Instructions for the task – Copy exactly the lines of the material below that fall between the line with "إليكم الإختبار الدوري" and the line with "登りでは目の前をスルーしたお地蔵様。側には雪割草やナニワズの花。 | |", both of those lines included; pictures stay out.

Listed entries –
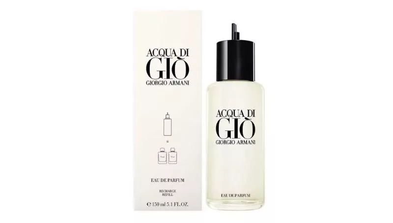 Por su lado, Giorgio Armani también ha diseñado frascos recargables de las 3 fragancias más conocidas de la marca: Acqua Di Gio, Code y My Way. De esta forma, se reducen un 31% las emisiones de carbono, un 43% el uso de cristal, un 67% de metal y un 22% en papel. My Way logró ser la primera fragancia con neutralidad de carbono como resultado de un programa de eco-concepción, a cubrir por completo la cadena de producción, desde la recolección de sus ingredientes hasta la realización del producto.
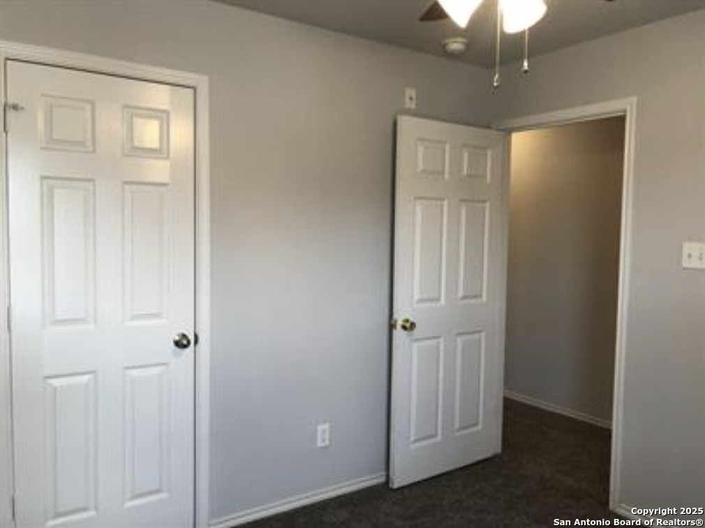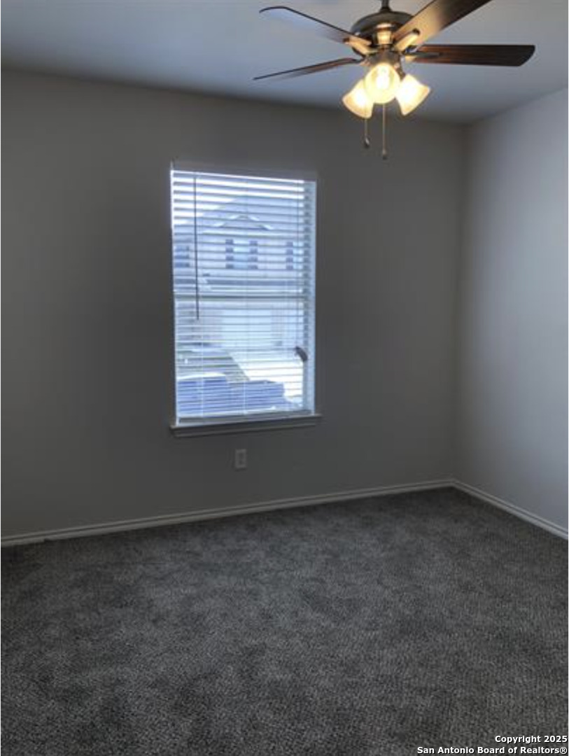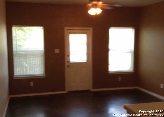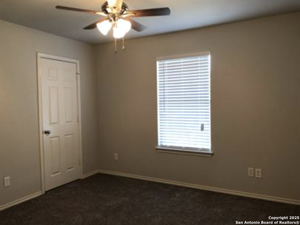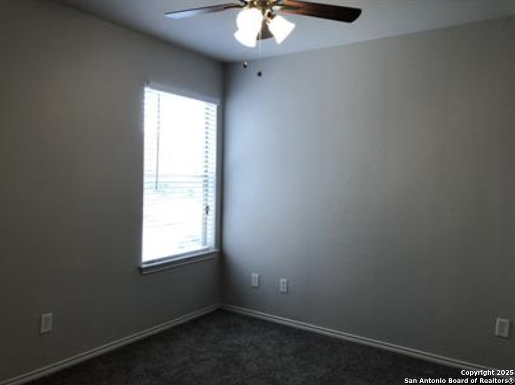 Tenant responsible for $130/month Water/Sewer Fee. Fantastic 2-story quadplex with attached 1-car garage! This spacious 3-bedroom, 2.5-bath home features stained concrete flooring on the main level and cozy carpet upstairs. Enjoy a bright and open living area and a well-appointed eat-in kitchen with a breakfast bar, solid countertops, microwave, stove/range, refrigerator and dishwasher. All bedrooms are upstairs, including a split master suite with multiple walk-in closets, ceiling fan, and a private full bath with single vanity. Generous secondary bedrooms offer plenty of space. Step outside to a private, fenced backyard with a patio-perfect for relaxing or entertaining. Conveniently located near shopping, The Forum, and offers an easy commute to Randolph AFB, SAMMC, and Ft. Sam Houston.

...

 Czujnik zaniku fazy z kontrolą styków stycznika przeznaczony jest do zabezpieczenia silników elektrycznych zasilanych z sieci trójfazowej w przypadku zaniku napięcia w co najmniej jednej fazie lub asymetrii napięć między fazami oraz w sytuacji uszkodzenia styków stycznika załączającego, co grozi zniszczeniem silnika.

==

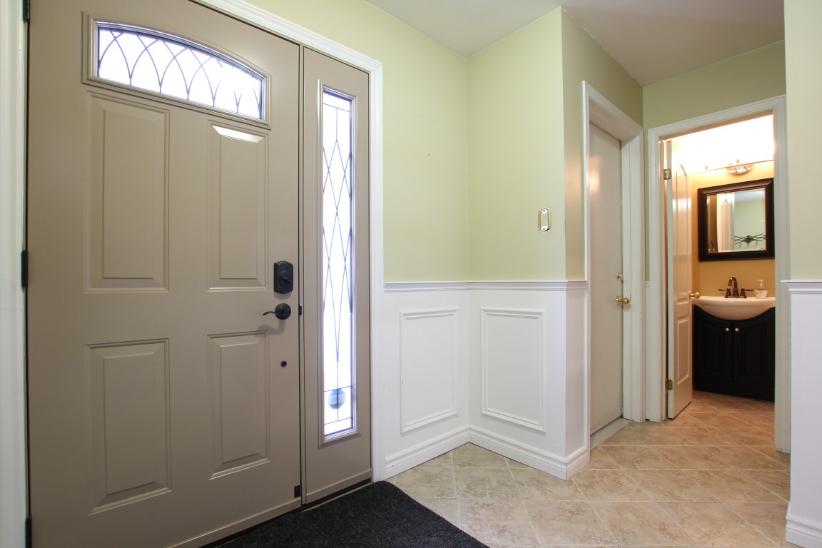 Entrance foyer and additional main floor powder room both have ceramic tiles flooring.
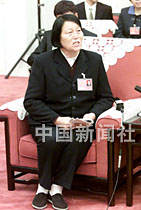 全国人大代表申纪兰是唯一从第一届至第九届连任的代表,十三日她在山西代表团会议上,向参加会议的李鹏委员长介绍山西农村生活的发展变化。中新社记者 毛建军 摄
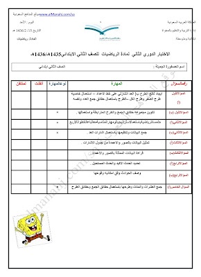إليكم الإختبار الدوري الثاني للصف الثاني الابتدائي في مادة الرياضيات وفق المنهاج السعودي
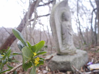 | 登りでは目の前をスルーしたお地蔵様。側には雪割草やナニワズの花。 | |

Exercise result –
إليكم الإختبار الدوري الثاني للصف الثاني الابتدائي في مادة الرياضيات وفق المنهاج السعودي
 | 登りでは目の前をスルーしたお地蔵様。側には雪割草やナニワズの花。 | |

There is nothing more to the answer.